About the annotations: to every term in the datasets descriptions MetaMap tool was applied in order to annotate them. After that additionally to the basic word cloud out of the initial descriptions, the annotation word cloud was constructed. The significant terms that appear to have significant annotations in the annotation word cloud were replaced with their annotations. Additional terms from annotation word cloud that have not appeared in the basic word cloud were also added to the final word cloud.

One-way view
The word cloud consists of terms that are significantly most overrepresented across the datasets descriptions that contributed to the coexpression of the query gene with the selected gene.

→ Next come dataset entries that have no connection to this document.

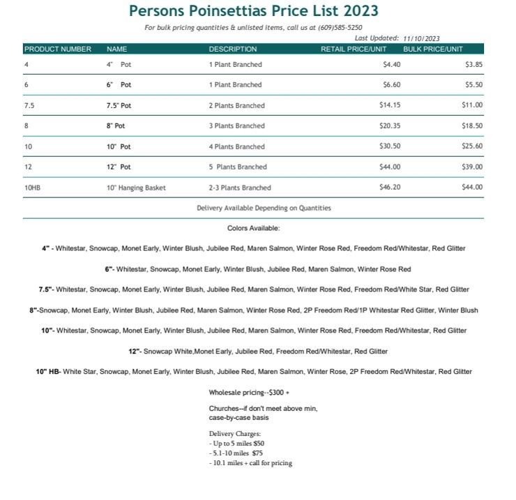 When it comes to our plant selection, we move with the seasons. We even sell pumpkins during the fall. Right now, Poinsettias are in season and we supply churches, restaurants, schools, fundraisers, events, and more! Our seasonal plants include:
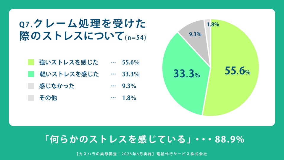 ➤クレーム処理時のストレスについて尋ねたところ、88.9%の回答者が「何らかのストレスを感じている」と回答しました。内訳としては、「強いストレスを感じた」が55.6%、「軽いストレスを感じた」が33.3%で、半数以上が強い負担を感じている状況です。「ストレスを感じなかった」と答えた人はわずか9.3%にとどまりました。
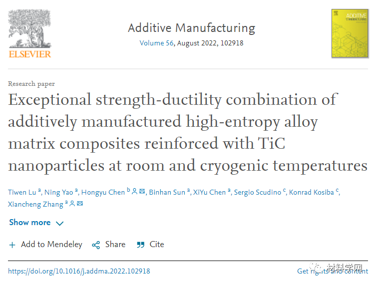 TiC纳米颗粒均匀分布在AM制备的HEC样品中,主要沿着细胞亚结构分布。纳米颗粒的加入不仅防止了Mn损失,从而具有更好的致密化,而且与纯HEA样品相比,在HEC样品中产生更好的增强效果。这种效应有助于强度的显着增加(41%),并且在293 K时仅略微降低延展性(10.8%)。
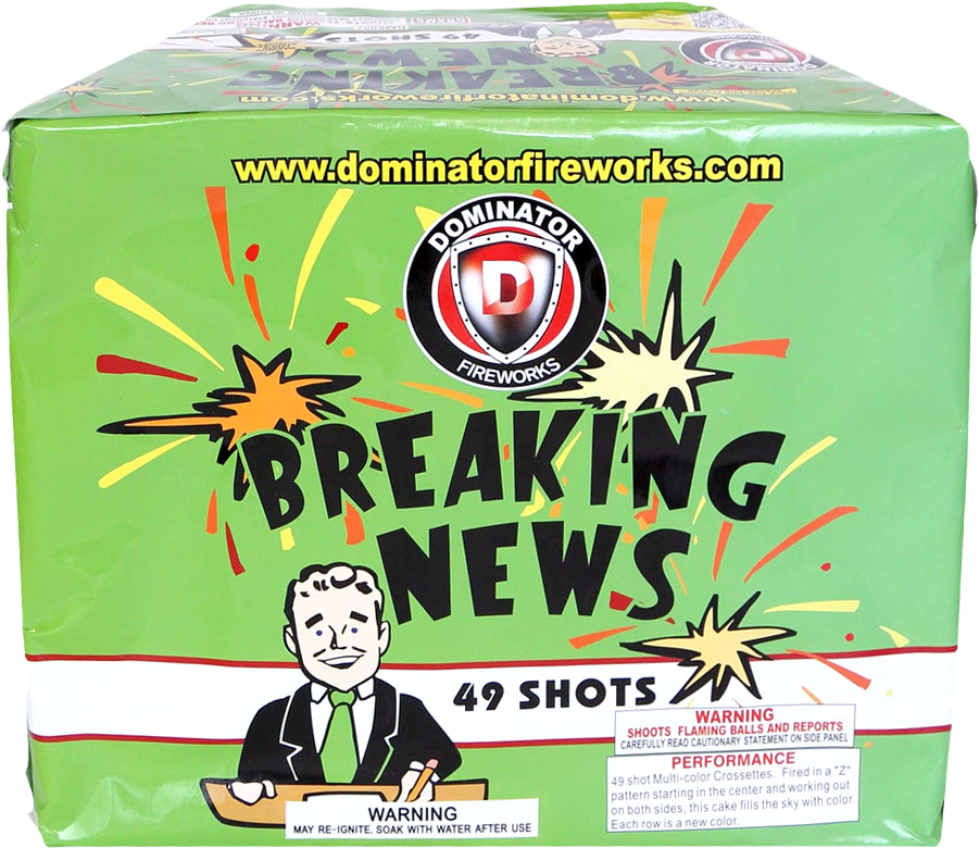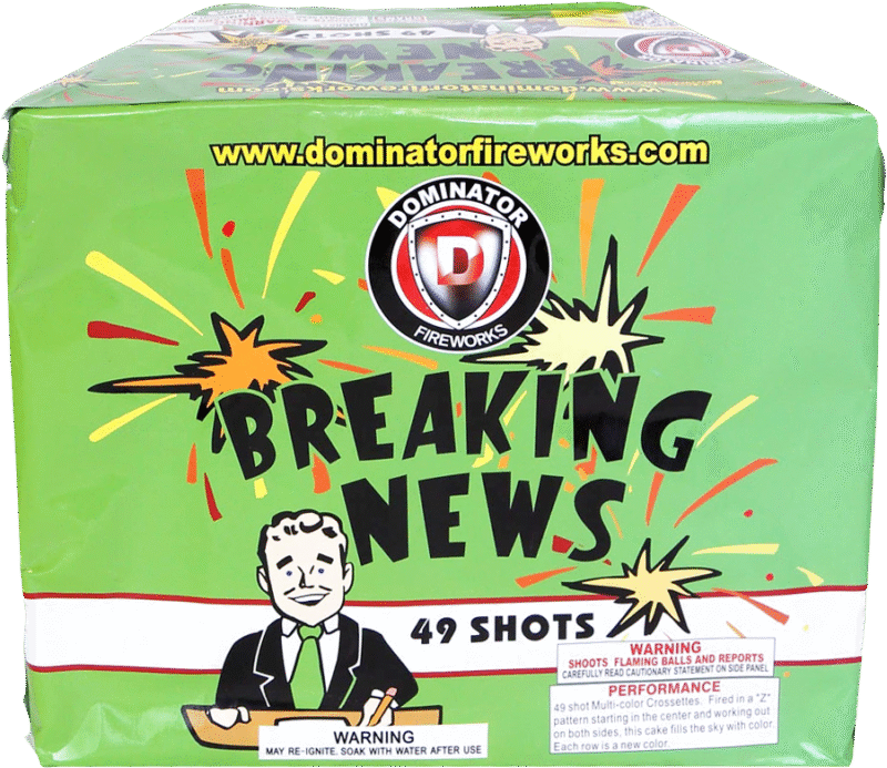 EXTRA EXTRA read all about it…This 500G cake will be all anyone can talk about! Green strobes evolve into a wide fan of gold with a colorful titanium explosion and breaks of blue.
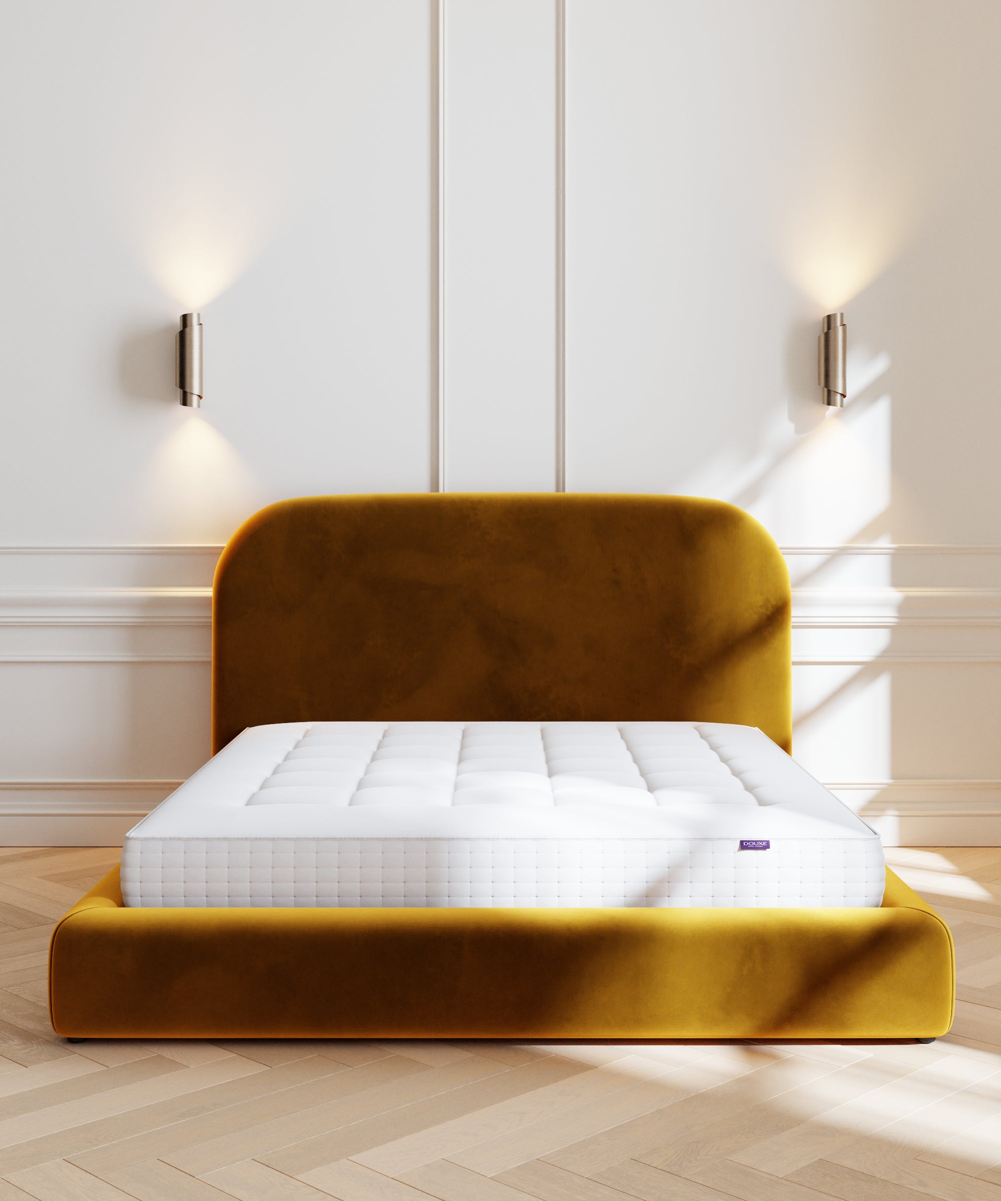 Carefully handcrafted in the Netherlands, it offers not only visual appeal but also lasting quality. The rounded contours and premium upholstery bring a sophisticated, hotel-like ambiance to any bedroom.

Since there is an ordering for the contributed datasets, the terms were tested to be overrepresented for ds_1; ds_1 and ds_2; etc. and the minimal out all these p-values was chosen as the final one for the term. Bonferroni correction was applied to these p-values due to the multiple comparisons issue. The word clouds were made more thorough by applying annotations to them using MetaMap tool.

Two-way view
The word cloud consists of terms that are significantly most overrepresented across the datasets descriptions that contributed to both coexpression of the query gene with the selected gene and vice versa. Since there is no ordering for the contributed datasets in this case, the terms were tested to be overrepresented only for the whole set of datasets simultaneously. The word clouds were made more thorough by applying annotations to them using MetaMap tool.